A Blueprint for the Hard Problem of Consciousness

Negative Entropy and Inference in Living Organisms

Author(s): Paulo J. Negro

Pp: 30-35 (6)

Doi: 10.2174/9781681087665119010009

* (Excluding Mailing and Handling)

Abstract

Classical information theory ties information with physical representations. Subcellular processes generate and store information, but only integrated cellular life actually transforms these processes into biologically meaningful information. Living organisms, as open systems, extract biological order from the predictably increased disorder of their environment. They transform energy into a new form of energy with higher thermodynamic value. The negative entropy results from the accumulation of information within the living system. More information translates into greater molecular complexity and functional dynamic behavior. Time-organized nonlinear processes lead to the expansion of expectations. Natural selection necessarily results in the buildup, within cellular processes, of information about environmental states and their inferred causal architecture. Such information increases the likelihood that a given organism will navigate and react more efficiently within its environment. The same holds true for brain functions that organize adaptive global behaviors. Inferential brain systems statistically minimize surprise, or “free-energy,” by generating sensory samples, optimizing perception and/or improving adaptive action. Free-energy minimization intrinsically connects perception and action, supporting an early origin for top-down generative paradigms of brain function. Q consciousness-information agrees with the concept of ensemble density, i.e. the probability of identifying hidden causes in the environment.

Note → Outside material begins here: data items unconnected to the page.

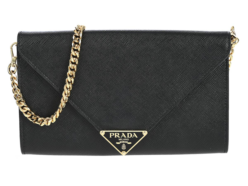 PRADA, VÄSKA, Lux Envelope Wallet On Chain, svart Saffiano läder, guldfärgade beslag, 20x11x2 cm, avtagbar kedja, avtagbart läderhandtag, dustbag, originalkartong. Excellent Condition.
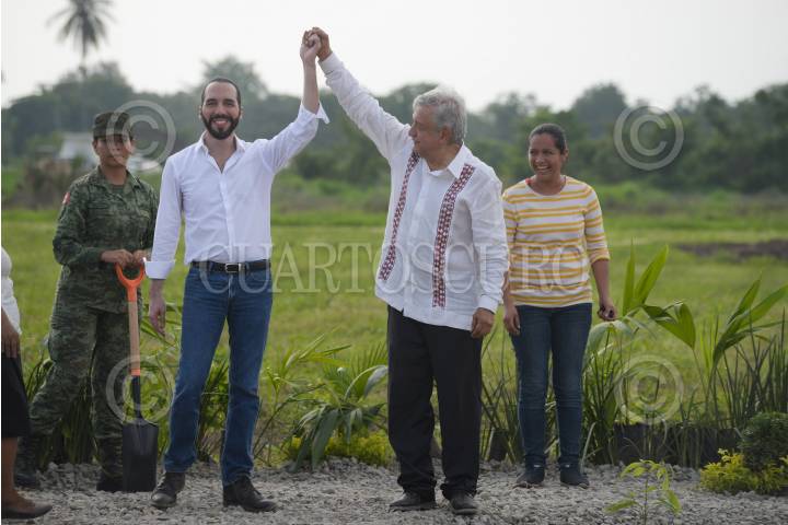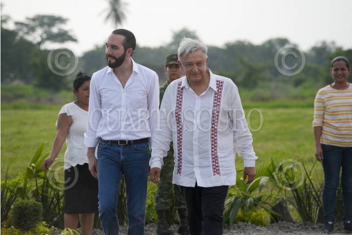 TAPACHULA, CHIAPAS, 20JUNIO2019.- Andrés Manuel López Obrador, Presidente de México, y Nayib Bukele, presidente de El Salvador, presentaron el Plan de Desarrollo para Centroamérica, ambos mandatarios trataron los remas de migración y política social, para detener el flujo de personas que abandonan el país para ir a Estados Unidos. El Jefe del Ejecutivo azteca anunció que se invertirán 30 millones de dólares para arrancar con el plan, recursos que se utilizarán para el programa "Sembrando Vida" en El Salvador. FOTO: ISABEL MATEOS /CUARTOSCURO.COM
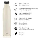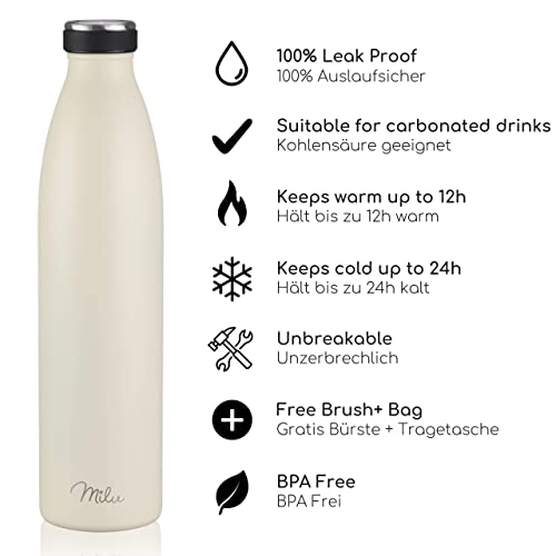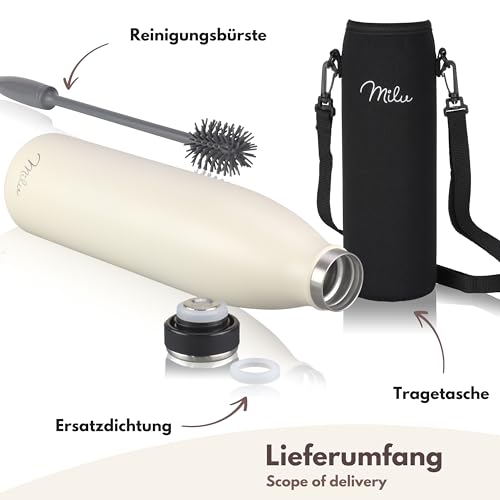Milu Edelstahl Trinkflasche 350ml 500ml 750ml 1L 1,5L Thermosflasche Isolierte Wasserflasche Auslaufsichere Isolierflasche doppelwandig Kohlensäure geeignet – inkl. Reinigungsbürste (Buttercream, 1L)
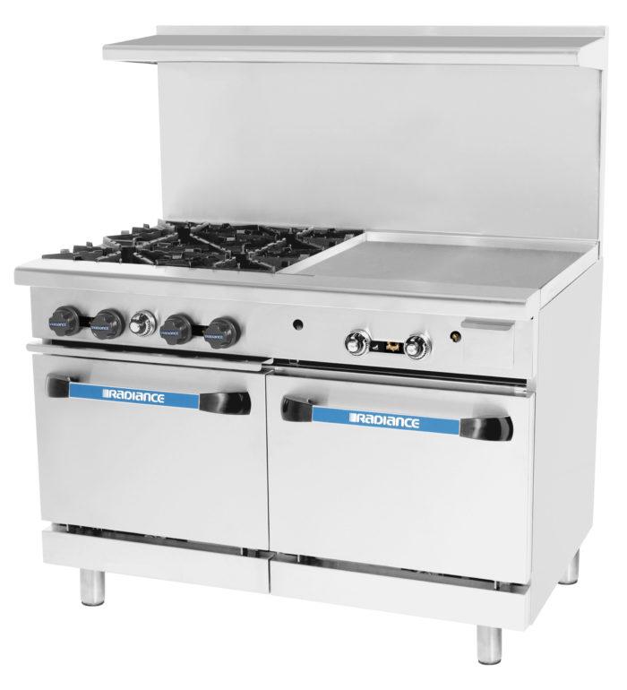 Key Features Radiance Restaurant Range, 48″W, (6) 32,000 BTU Open Burners, 12″ Griddle (left side),...
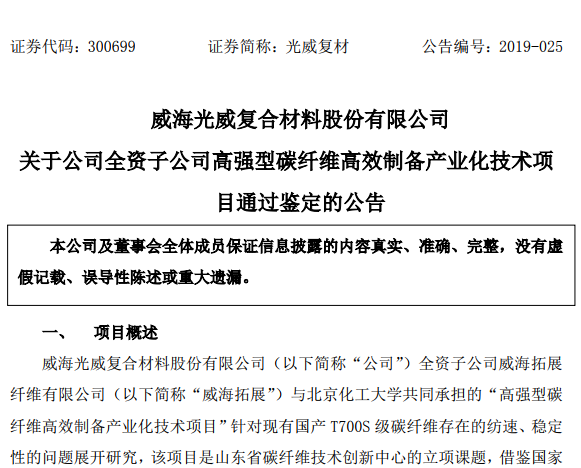 根據公告,該項目由光威復材全資子公司威海拓展纖維有限公司(以下簡稱“威海拓展”)與北京化工大學共同承擔,主要針對現有國產 T700S 級碳纖維存在的紡速、穩定性的問題展開研究。
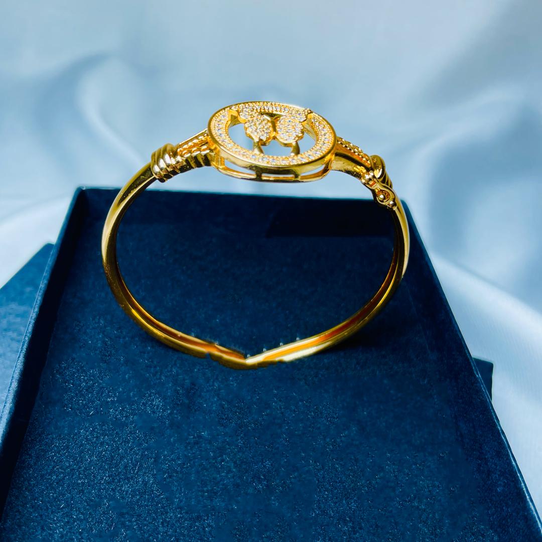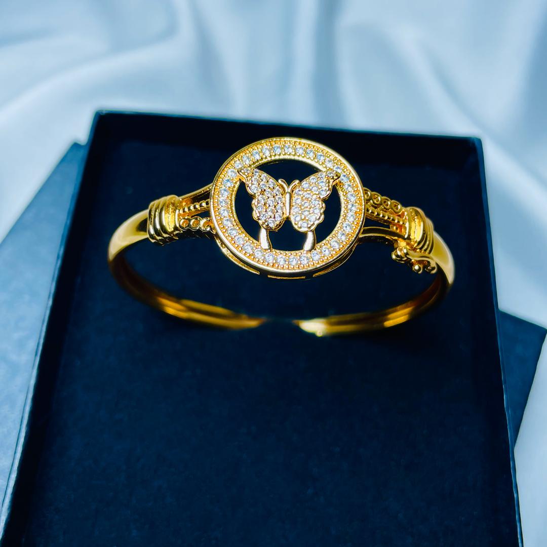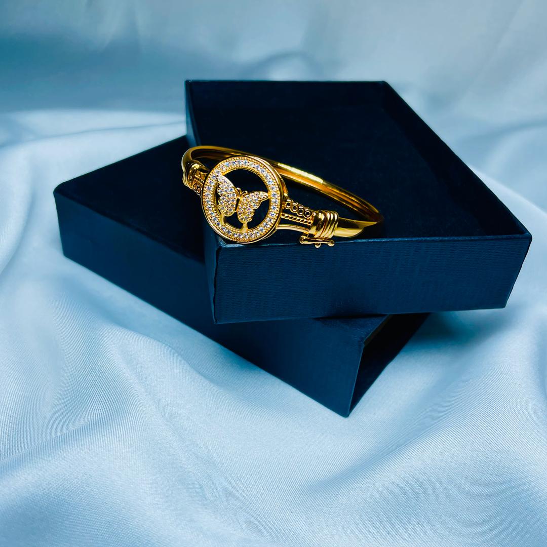 Elevate your elegance with this stunning butterfly charm bangle, crafted with premium gold plating and adorned with sparkling zirconia stones. The delicate butterfly design symbolizes transformation and grace, making it a perfect statement piece for any occasion.

Keywords: Biological Order, Bayesian Inference, Bayesian Sampler, Dissipative Systems, Environmental States, Entropy, Ensemble Density, Free-Energy, Generative Density, Hidden Causes, Information-Carrying, Information Theory, Mass-Energy Transformation, Minimization of Surprise, Natural Selection, Open Systems, Perception and Action, Predictive-Error, Singled-Celled Organisms, Statistical Physics, Thermodynamic.